Défricheurs du social
Posté le 9 décembre 2015 par Natacha Seguin
CoP21 : le diable ne se cache toujours pas dans les détails
Après 20 ans de négociation, 5 rapports du GIEC pour nous alerter sur l’urgence de la situation
climatique, des chiffres dans tous les sens, les Parties à la CoP21 ne s’accordent toujours pas sur
une vision commune de long terme.
Quelques éléments partagés mais non contraignants
Les 196 entités qui constituent autant de Parties à la CoP21 (pour en savoir plus, lire ici) ne
parviennent toujours pas à s’entendre sur la vision de long terme vers laquelle il conviendrait d’aller
pour éviter le pire. Il serait cependant faux de dire que rien n’avance. Au lendemain de la première
réunion de restitution des discussions politiques au Bourget, il semblerait qu’un accord soit possible
sur un plafond de réchauffement de 1,5°C à 2°C, vers lequel devraient tendre les émissions
mondiales à l’horizon 2100. Cela aurait pu constituer une victoire pour les Etats les plus vulnérables,
mais le texte ne sera pas contraignant. La révision tous les cinq ans des « engagements » de
limitation des émissions en fonction des progrès technologiques, ou d’éléments plus conjoncturels
(l’éclatement d’une bulle spéculative et la crise financière et économique qui s’en suivrait ?), est un
progrès, au moins temporaire. La reconnaissance par les Etats les plus développés de leur
responsabilité historique dans les changements climatiques constitue une autre avancée. Par-là, ils
acceptent leur devoir de payer davantage que les Etats plus récemment industrialisés mais sans
contrainte d’engagements. Enfin, les Etats considèrent que l’adaptation aux changements
climatiques est aussi importante que la limitation (l’« atténuation » dans le jargon onusien) des
émissions de gaz à effet de serre. Pour le reste, notamment tout ce qui concerne la mise en œuvre
des solutions au réchauffement climatique (financements, transferts de technologies, etc.), ainsi que
le statut juridique de l’accord de Paris, les négociations piétinent.
Des éléments fondamentaux délaissés dans la vision de long terme
Revenons à la vision de long terme, dans laquelle les Parties définissent la ligne d’horizon et les
éléments à prendre en compte pour y parvenir, notamment la nécessité de respecter les droits des
populations autochtones, celle de l’égalité des femmes et des hommes, de l’importance des droits
humains, la biodiversité et le besoin d’une transition juste et du respect du travail décent. Ces
éléments ne semblent pas avoir fait l’objet de débat. Pour certains, ils sont toujours entre
parenthèses ; pour d’autres, ils sont relégués en annexe, ou dans le préambule, ce qui les prive de
toute chance d’être pris en compte au moment de la mise en œuvre des mesures concrètes
d’adaptation ou d’atténuation. Est-il raisonnable de penser que l’on pourra transformer les systèmes
de production et de consommation sans penser les conditions sociales – au sens générique du
terme – de ces transformations majeures ?

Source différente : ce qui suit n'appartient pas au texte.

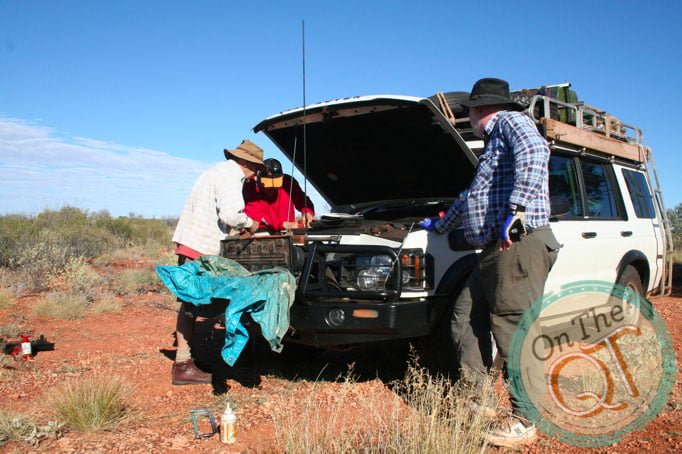 On the road for 8AM. Another lovely day. On our way to a water creek about 10km away. Very flat country and able to travel at 40km p/h. This is where the water came from for the village. It was powered by solar panels to drive the pump back to the village. Some lights are on in the van that we need to call Kevin, our mechanic to look at it. Not a great place to have car trouble, 100km from the nearest person. Traction control and ABS light is on. After 30 minutes or so and we decide to use the satellite radio to call the garage in Perth. After 3 attempts we get through to the correct person in the garage in Perth. He asks us to disconnect the batteries and leave it for 10 minutes. Also to take out the computer and check it for dust or oil seams. One has to think how long you could be out here. We see three cows and you have to wonder how they survive. Water diesel and your vehicle are the 3 most important things when you come out here. 10 minutes has passed and we refit the batteries and computer. We took some photos in between to keep it light. I can sense Rob, our leader is tense. We are lucky to have Kevin in the group who knows about cars. We restart and one of the main red lights has been fixed but there are 2 more lights that remain on. We check each fuse one by one and they are ok. We need to call the garage again. We got through and they advised us that we can drive with the lights on. Is is good to hear this.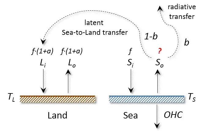 “The net energy balance is the sum of individual fluxes. The current uncertainty in this net surface energy balance is large, and amounts to approximately 17 Wm–2. This uncertainty is an order of magnitude larger than the changes to the net surface fluxes associated with increasing greenhouse gases in the atmosphere (Fig. 2b). The uncertainty is also approximately an order of magnitude larger than the current estimates of the net surface energy imbalance of 0.6 ±0.4 Wm–2 inferred from the rise in OHC. The uncertainty in the TOA net energy fluxes, although smaller, is also much larger than the imbalance inferred from OHC.”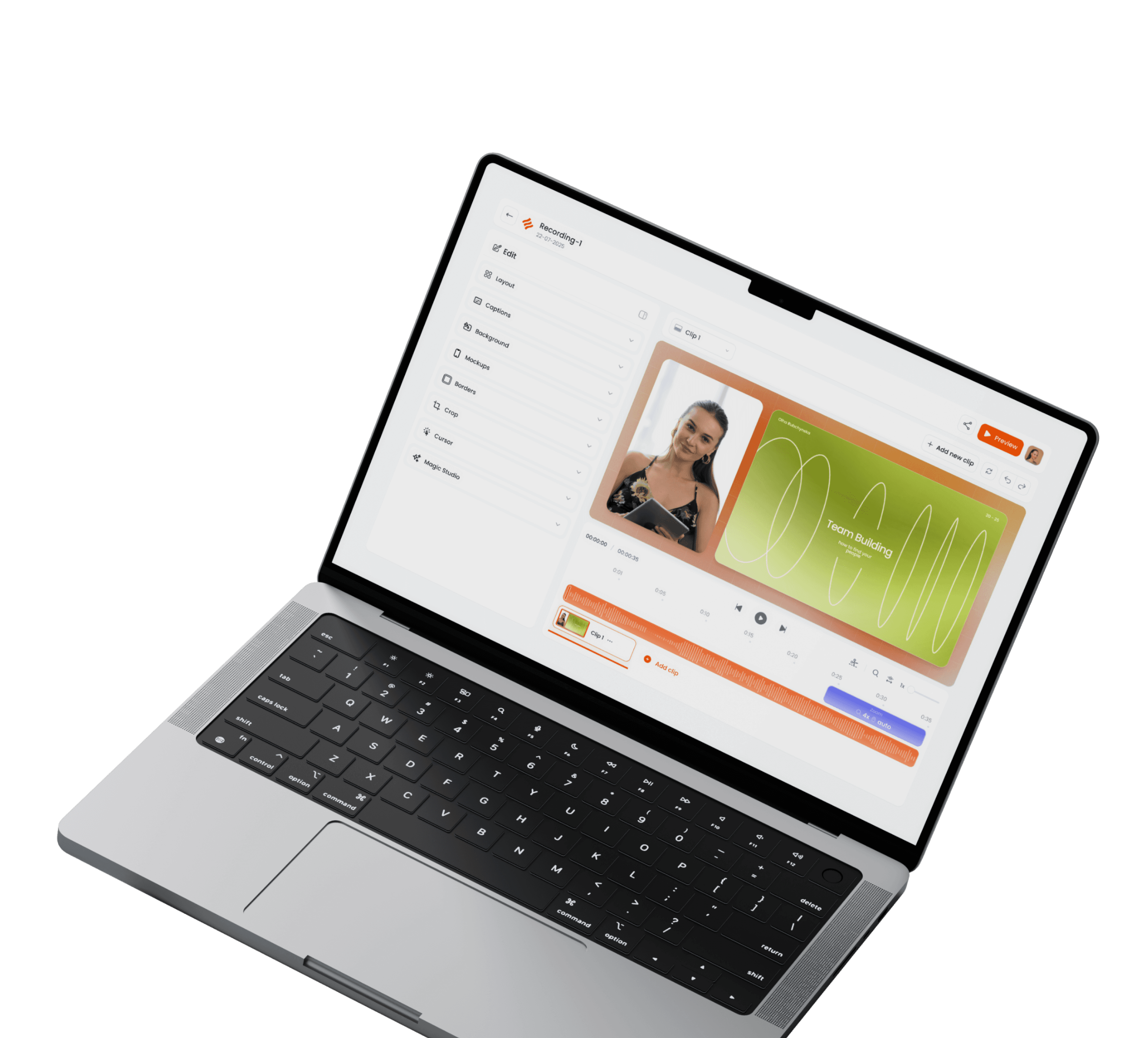 Clipwise пришвидшує запис і обробку відео в 3 рази. Ви знімаєте, редагуєте та експортуєте все в одному місці без зайвих програм і монтажерів.

Une méthode « en silos » qui ne favorise pas l’interprétation du texte
Par ailleurs, la méthode choisie par Laurent Fabius, Président de la CoP, pour contraindre les
diplomates à avancer garantit que des sujets sont déblayés, mais ne permet pas de savoir quelle sera
l’économie du texte qui devrait être présenté aujourd’hui à 13h. En effet, le texte a été découpé en
autant de sujets à traiter, mais de manière parallèle. Or le texte final sera le fruit de compromis sur
chacun de ces points, les uns étant particulièrement cruciaux pour certaines Parties, tandis que
d’autres le sont moins. Les Parties et les Observateurs (dont le Groupe Alpha) devraient donc
découvrir cet après-midi quels sont les arbitrages qui ont été faits sur chacun des points. L’économie
générale du texte leur conviendra-t-elle ? Après vingt ans de négociation climatique, le diable ne se
cache toujours pas dans les détails.